I’ve got plenty of friends who don’t eat meat and I wouldn’t ever have suggested to my composer friend that he should eat meat – never in a million years. Everyone should eat what they want to eat. But I can say that if you’re going to be eating vegetables, your vegetable nutrient density will be a lot higher if they’re grown in soil that’s really, really rich with soil microbes and all the biodiversity of all the little critters in the soil that feed the plants and make sure the nutrients get to the plants.
And one of the quickest ways to get those soils healthy is adaptive grazing and so even if you don’t eat meat, you sure do want your row crop production combined with your animal production – in a very old fashioned way – to get those soils as healthy as possible because that makes healthy food. Makes sense?
Yes definitely! It’s interesting that as more people try to eat a diet with the planet in mind how often and how easy it is to forget the best way to do that is just to go find a farmer.
Yeah, and it’s the processed foods that will get you as far from a farmer as possible. I haven’t really seen a highly processed food that’s good for the planet, although some folks might say they are.
Yeah, maybe better in some cases than some of the alternatives, but that doesn’t necessarily mean it’s good.

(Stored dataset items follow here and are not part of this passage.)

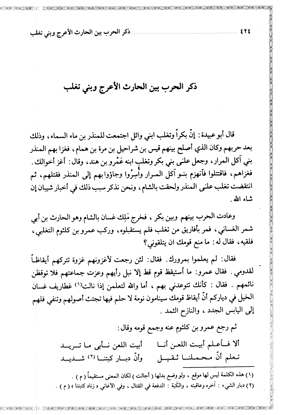 وعادت الحرب بينهم وبين بكر فخرج ملك غسان بالشام وهو الحارث بن أبي شمر الغساني فمر بأفاريق من تغلب فلم يستقبلوه وركب عمرو بن كلثوم التغلبي فلقيه فقال له ما منع قومك ان يلتقوني
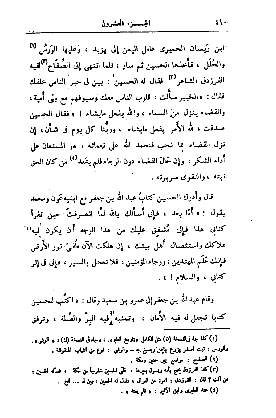 قال وأدرك الحسين كتاب عبد الله بن جعفر مع ابنيه عون ومحمد يقول: «أمّا بعد، فإنى أسألك بالله لمّا انصرفت حين تقرأ كتابى هذا فإنى مشفق عليك من هذا الوجه أن يكون فيه هلاكك واستئصال أهل بيتك، إن هلكت الآن طفئ نور الأرض فإنك علم المهتدين، ورجاء المؤمنين، فلا تعجل بالسير، فإنى فى إثر كتابى، والسلام!» .
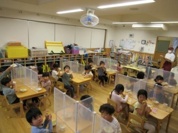 おもちゃの片付けやエプロン付けなど普段とはまた違った姿を見せてくれていた子ども達・・・
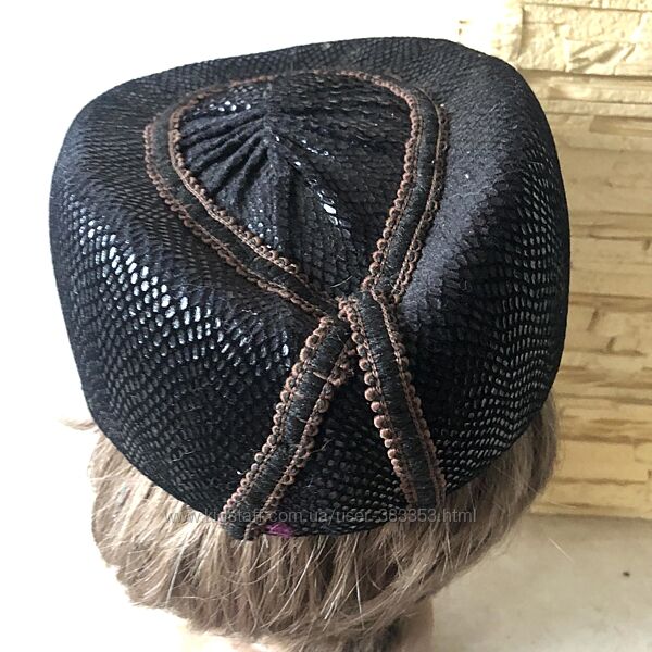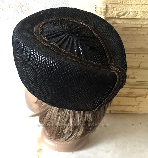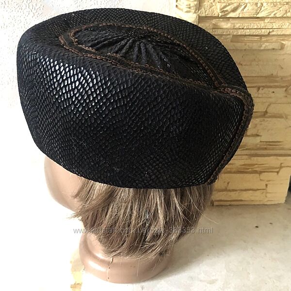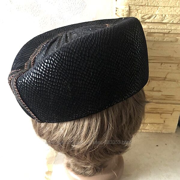 Черная фетровая шляпка таблетка ламинированная тканью под рептилию. размер 56—57 см для творческих проектов и повседневной носкеДругие объявления продавца
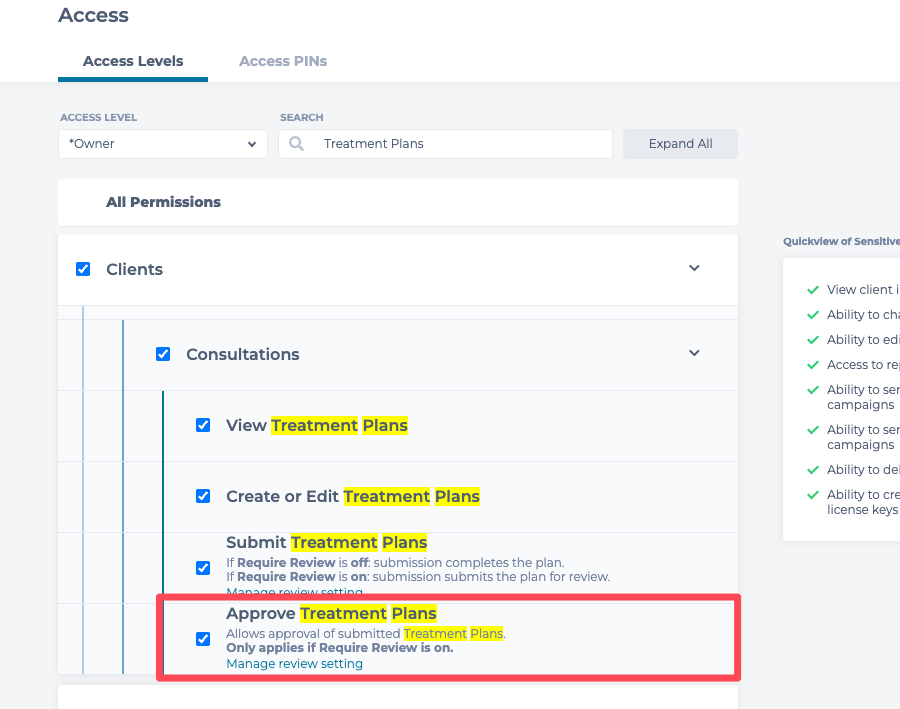 Next, review your access level permissions to decide who should and shouldn't be able to review and approve submitted Treatment Plans.
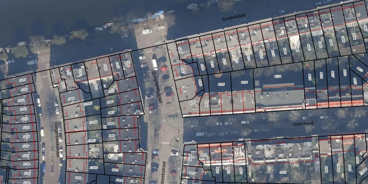Het perceel waarop het adres ligt is ASD18-V-8292. De afkorting 'ASD18' staat voor kadastrale gemeente Amsterdam. Het perceel is kleiner dan gemiddeld in Amsterdam. Het perceel is 162 m² groot, terwijl het gemiddelde ligt op 559,23 m². Het kleinste perceel in de kadastrale gemeente is 0 m² groot. De grootste perceeloppervlakte is 12,5 ha. Er zijn 7 adressen aanwezig op het perceel. De huidige grenzen van het perceel zijn digitaal in de Basisregistratie Kadaster (BRK) geregistreerd op 19-11-2019.
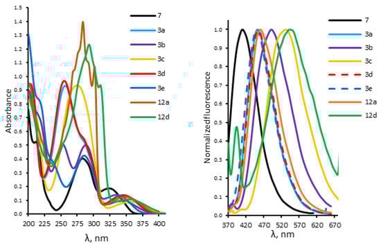 The derivative 12a with triple bond and without OMe group in para position exhibits a maximum at a shorter wavelength 461 nm. The largest bathochromic shift in the absorption and emission spectra was observed for the coumarin derivates with longer conjugated π-system, compounds 3c and 12d. They exhibited the same absorption maximum at 356 nm, which by 13 nm red-shifted compared to the corresponding spectra of the phenyl derivate, 3a, while their emission is shifted to the longest wavelength by 82 and 90 nm for 3c and 12d, respectively.
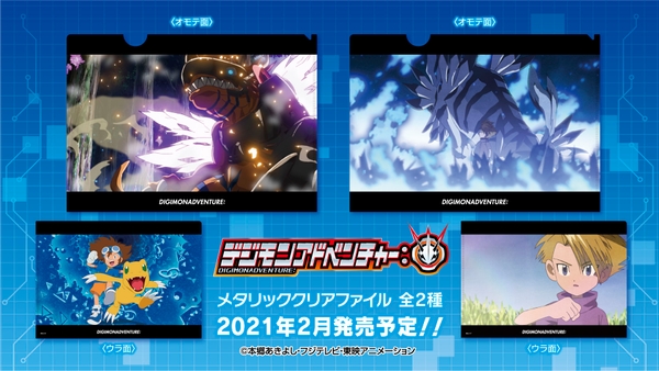 「デジモンアドベンチャー:」から、新しく、可愛いデフォルメ イラストを使用したデザインの裏面がミラー仕様のキーホルダーや劇中のシーンを使用したメタリッククリアファイルなどの5アイテムが2月15日から発売開始となります!!
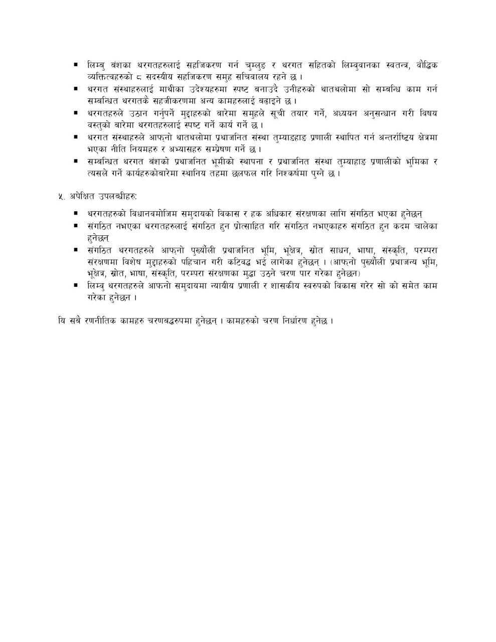 इलाम जिल्लामा बसोबास गर्ने याक्थुङ लिम्बुहरुको समग्र विकासमा सागठिन आधार निर्माण गर्ने अन्तरक्रिया कार्यक्रमले थरगत आआफ्नो पकड क्षेत्रको गाउँ स्तरको विकास भाषा लिपि संस्कृति परम्परा भूमि प्राकृतिक स्रोत चर्चेको बन जंगल चिहान माङ्गेन्ना यक मुन्धुमी स्थलहरुको संरक्षण र प्रवर्द्बन गर्दै अन्तराष्ट्रिय कानुनले सुनिश्चित गरेको आफ्नो प्रथाजनित भूमिलाई व्यवहारिक रुपमा स्थापित गर्नेछ । यसका साथै लोप भइसक्न लागेको लिम्बुहरुको प्रथाजनित परम्परागत संस्थालाई थरगत बसोवास रहेको गाउँमा प्रथाजनित संस्थालाई स्थापित गर्दै तिनीहरुलाई न्यायिक र शासकीय स्वरुपमा कार्य गर्न सबल सशक्त बनाउँने अपेक्षा गरिएको छ ।
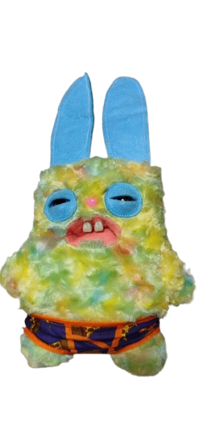 Игрушка выполнена из мягкого плюша , украшена большими голубыми глазами и милыми выступающими зубками — выглядит очень забавно и привлекает внимание. На ней яркие разноцветные трусики с принтом. Отлично подойдёт как для игры, так и для декора детской комнаты или коллекции необычных игрушек.
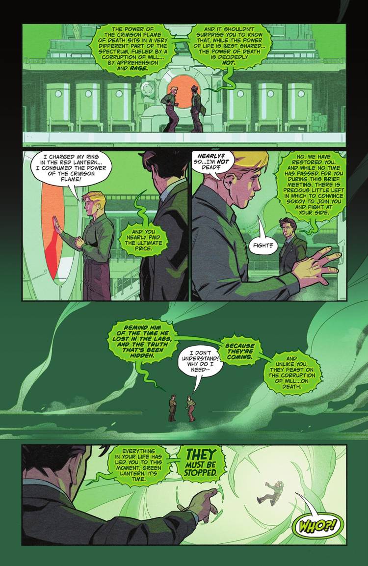 Alan Scott: El Linterna Verde El número 5 está escrito por Tim Sheridan y dibujado por Cian Tormey. Alan Scott ha sido salvado por Emerald Flame, una personificación de su fuente de poder. Le explica el origen de las Llamas Esmeralda y Carmesí. Los Guardianes del Universo reunieron magia salvaje en un orbe verde gigante y lo aprisionaron dentro de una estrella, donde se volvió sensible. Una porción de su esencia escapó, convirtiéndose en la fuente de energía de Green Lantern. Otro bit vio la fuga, se puso envidioso y finalmente sucumbió a la ira.
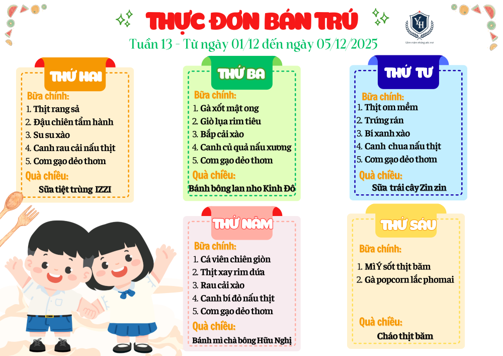 THỰC ĐƠN BÁN TRÚ - TUẦN 13

Perhaps it’s the lesser of two evils in some cases, and so it’s just an interesting way to look at it…
According to a buddy of mine, a scientist at Michigan State, if you add up the three major crops we grow the United States – corn, soy, hay – you put that on one side of a scale and then you put on the other side of the scale the soil we lose every year to erosion… the soil will weigh more. Our top export from our major farming industries in this country is soil, that can never be used again. That can’t last, and so there’s a lot of concern and worry about our soils becoming less and less robust, less full of carbon, less able to produce food… and then even the food that’s produced is less nutrient-dense.
This type of grazing is a phenomenal way to read rejuvenate and regenerate soils. It’s getting attention now – we’re seeing it. And there are people who have been working for decades on this. I’ve been working for seven or eight years on this from my perch. But things are changing. I really do think things are changing.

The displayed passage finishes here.